A read-heavy system (100:1) wants read replicas, materialized views, denormalization, and CDN/edge caching — you trade write complexity for read speed. A write-heavy or balanced system (1:1) wants efficient write paths: LSM-tree storage, write batching, sharding by write key, async processing via queues. Asking "what's the read:write ratio?" early is how you avoid optimizing the wrong half of the system.

Q12: Estimate the cache memory needed to hold the "hot" data for a system serving 1 M reads/s.

Apply the 80/20 (Pareto) rule: roughly 20% of items get 80% of traffic, so cache the hot 20%. Suppose 100 M distinct items, each ~1 KB:

  • Hot set = 20% × 100 M = 20 M items.
  • Memory = 20 M × 1 KB = 20 GB.

20 GB fits in a single modern cache node (or a small Redis cluster with replication). At a typical ~90%+ cache hit ratio, your 1 M reads/s collapses to ~100k reads/s hitting the database — a 10× reduction. The arithmetic justifies the cache: without it the DB sees 1 M QPS (impossible for a single instance); with 20 GB of RAM it sees a tenth of that. Always express the cache's value as the origin load it removes, not just "it's faster."


Senior Questions

Q13: Why is p99 latency not the same as the mean, and why do you design against the tail?

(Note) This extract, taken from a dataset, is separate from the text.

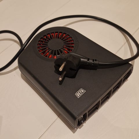 Hyllyyn jäänyt termini. Purettu pois autosta ennen myyntiä 1400w ei kuittia tallessa eikä muistikuvaa kuinka vanha puhalsi lämmintä testatessa.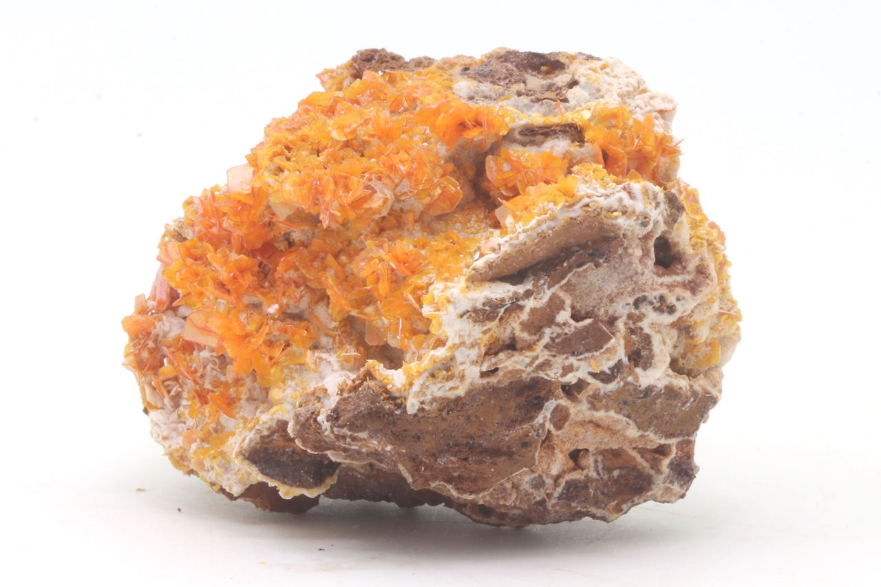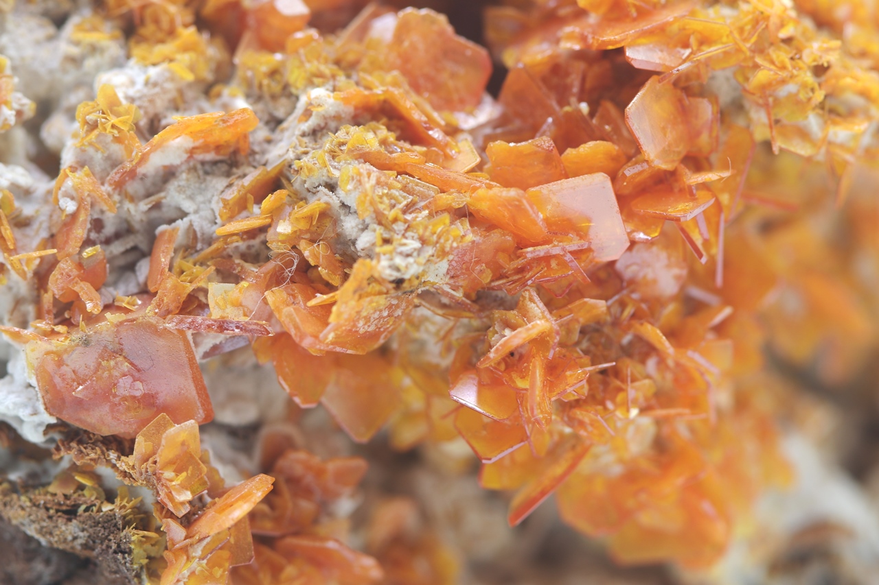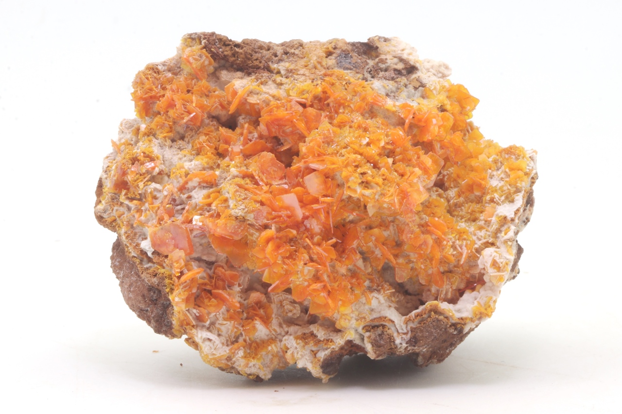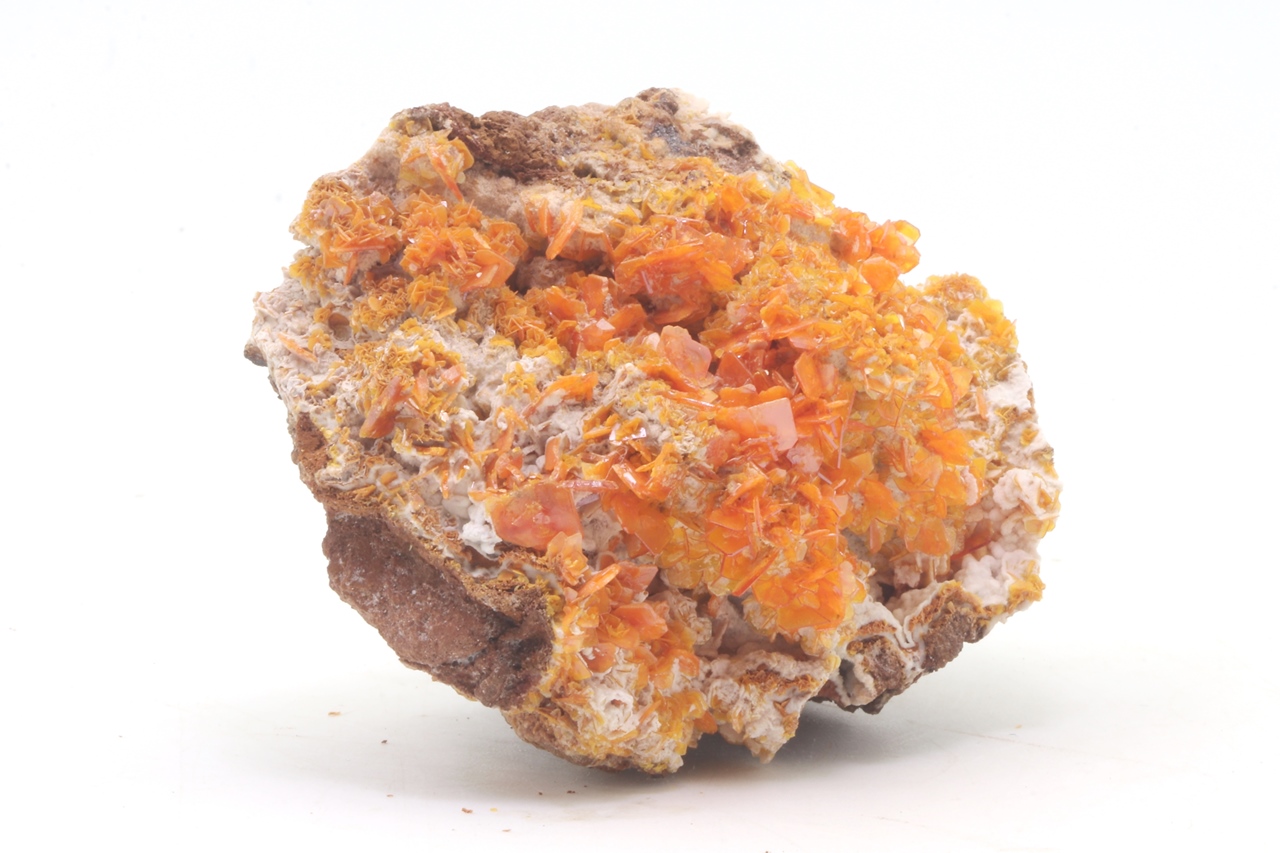 Satt orangefarbener Wulfenit aus dem Iran beeindruckt mit bis zu 1 cm großen Kristallen mit hohem Glanz.

The mean is a single number that hides the distribution. Real latency distributions are heavily right-skewed: most requests are fast, but a long tail (GC pauses, cache misses, lock contention, retries, a slow disk) drags the high percentiles far out. A service can have a 10 ms mean and a 200 ms p99 simultaneously.

Percentile Meaning Typical multiple of median
p50 (median) Half of requests faster than this
p90 1 in 10 requests slower ~2–3×
p99 1 in 100 requests slower ~5–10×
p99.9 1 in 1,000 requests slower ~10–50×

You design against the tail because users experience the tail, not the mean. A user who makes 100 requests in a session will almost certainly hit your p99 at least once. For internal services, tail latency is even worse because of fan-out (next question). The senior move is to set SLOs on percentiles (e.g. "p99 < 200 ms"), and to track them per-endpoint — averaging across endpoints re-hides the very tail you care about.

Q14: Explain tail latency amplification under fan-out, with the math.

When one request fans out to many backends in parallel and must wait for all of them, the slowest backend determines the user's latency. So even a rare slow response becomes likely at the request level.

If a single backend responds slower than its p99 latency 1% of the time, then with N parallel calls, the probability that at least one is slow is:

  • P(at least one slow) = 1 − (0.99)^N
  • N = 1 → 1%
  • N = 10 → 1 − 0.99¹⁰ ≈ 9.6%
  • N = 100 → 1 − 0.99¹⁰⁰ ≈ 63%

So a service that fans out to 100 shards sees its own p99 (the thing the user feels) governed by the backends' p99 roughly 63% of the time. The individual-server p99 has become the aggregate's common case.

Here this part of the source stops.